Though polls show Biden ahead of Trump for Latino voters, Marquez said there is still a level of distrust in the Latino community stemming from the Obama administration's complicated immigration record.
"I trust the polls a little bit, but that's not to say that we should relax and kind of take it for granted," Marquez said. "We should still keep the pedal to the metal until Election Day."
He added that even though Democratic leaders emphasize removing Trump from office is of utmost importance, that's not going to solve all the problems he sees.
"There's still a lot of work that needs to be done and I think we just need to do a better job of listening to each other and trying to understand,” Marquez said. “Democrats like to blame Trump for all the problems but Trump is just a symptom.”
— Tabitha Mueller
Larry Gonzales, 62, Las Vegas
Larry Gonzales describes himself as "super anti-Trump.”
The Las Vegas resident of 40 years said he doesn't like the comments the president makes, from the "Sleepy Joe" nickname for his presidential opponent to his inaccurate likening of COVID-19 to the flu. Gonzales especially took offense to Trump's remarks about John McCain when he said that he liked "people who weren't captured" in reference to the late senator being a prisoner of war in Vietnam.

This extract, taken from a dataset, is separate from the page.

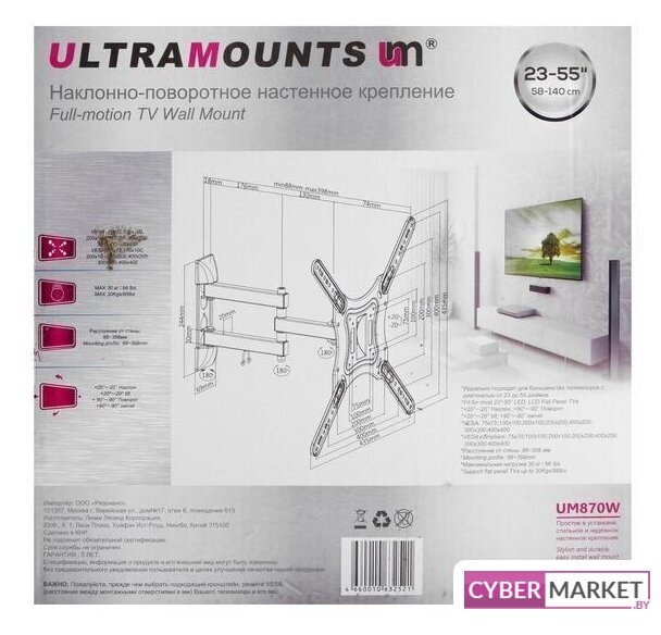 настенный кронштейн для ЖК-телевизора 32-65", цвет черный
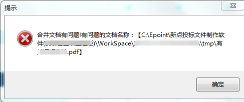 问题10:投标文件编制过程中,点击预览标书提示“合并文档有问题!有问题的文档名称:【...\WorkSpace\...\tmp\...pdf】”?

Gonzales, a registered nonpartisan, said he voted for Hillary Clinton in 2016 and will vote for Biden during early voting this year.

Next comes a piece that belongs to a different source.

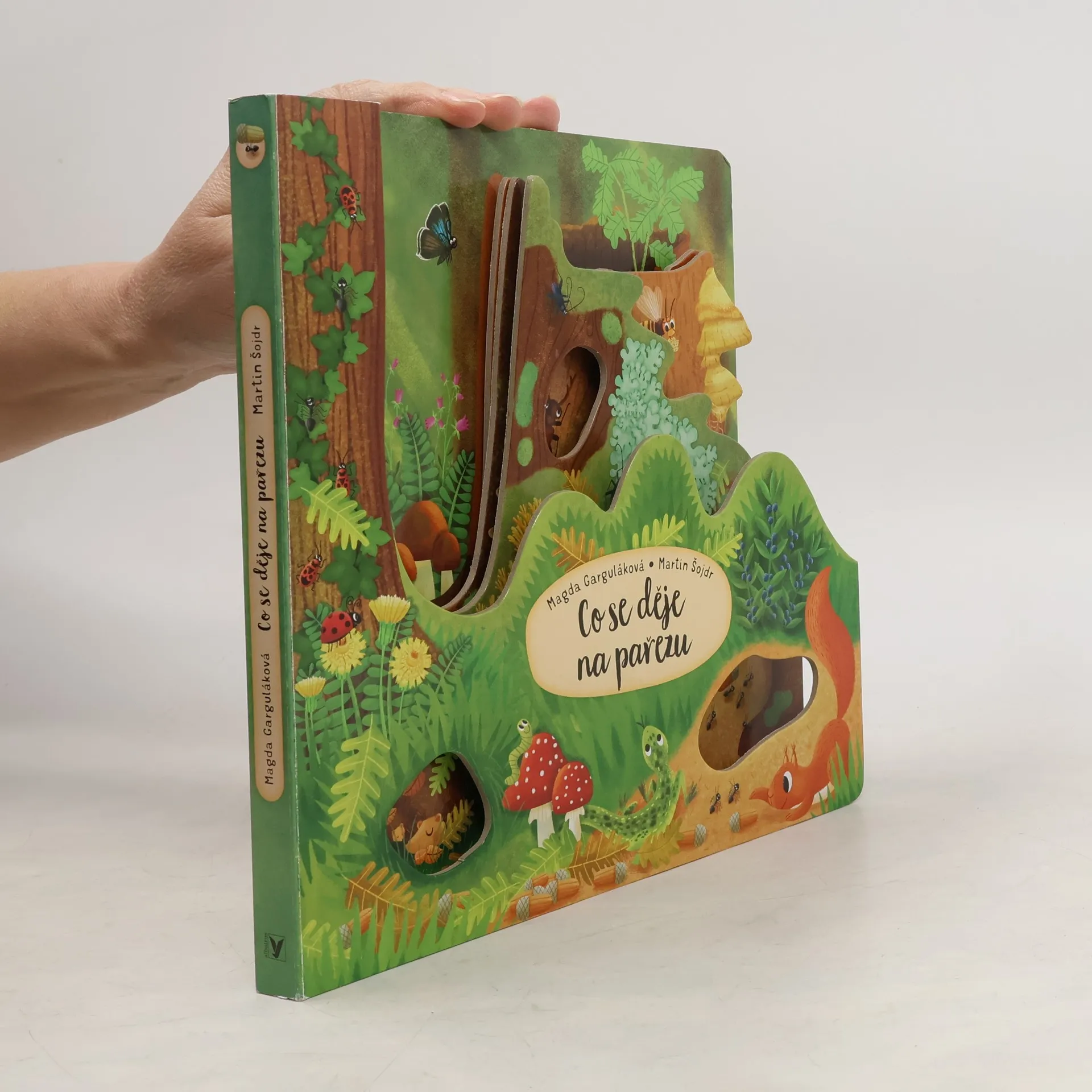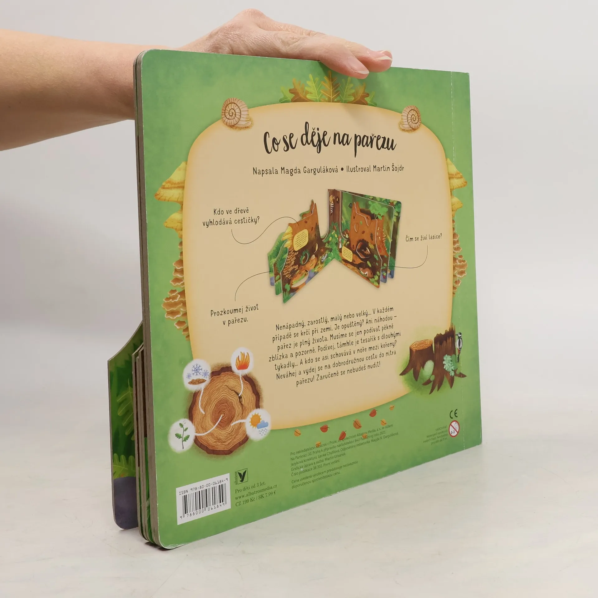 Nenápadný, zarostlý, popraskaný… v každém případě se krčí při zemi. Je tenhle pařez opuštěný? Ani náhodou – hemží se to u něj životem. Musíš ho jen prozkoumat pěkně zblízka a pozorně. Podívej, támhle je tesařík s dlouhými tykadly. A kdo se schovává v noře mezi kořeny? Neváhej a vydej se na dobrodružnou cestu do nitra pařezu! Zaručeně se nebudeš nudit ani chvilinku.

"[It's] his character more than anything," he said. "I did say if Trump turned the economy around and did a good job, I'd come around. And he was doing a good job, but I feel that some of his comments are just not appropriate for a president — they're racist."
A retired casino shift manager, Gonzales said that Trump blankets all Latino immigrants as "crooks." He said Trump has incited fear in the community with his anti-immigrant rhetoric, particularly for DREAMers, based on anecdotes he's heard from his daughter who is a teacher at a school with a large Latino and immigrant population.
Gonzales said Trump's abilities as a businessman might have partially redeemed the president in his eyes if he used that experience to help the economy or decrease the national debt, which Trump said he would eliminate over eight years. But Gonzales said Trump is a "bad businessman," pointing to the bankruptcy filings of several of his businesses and the increases of the national debt during his presidential tenure that are expected to further balloon.
Although politicians have been criticized for courting people of color during election years only to abandon them once they're elected, Gonzales said he thinks Biden will support the Latino community even after the results come in. He likened Biden to a white politician from his youth in Los Angeles who was present in the Latino community he represented.
"I think [Biden] will show up. I mean he was vice president to our first African-American president," Gonzales said. "He's not gonna be like Trump."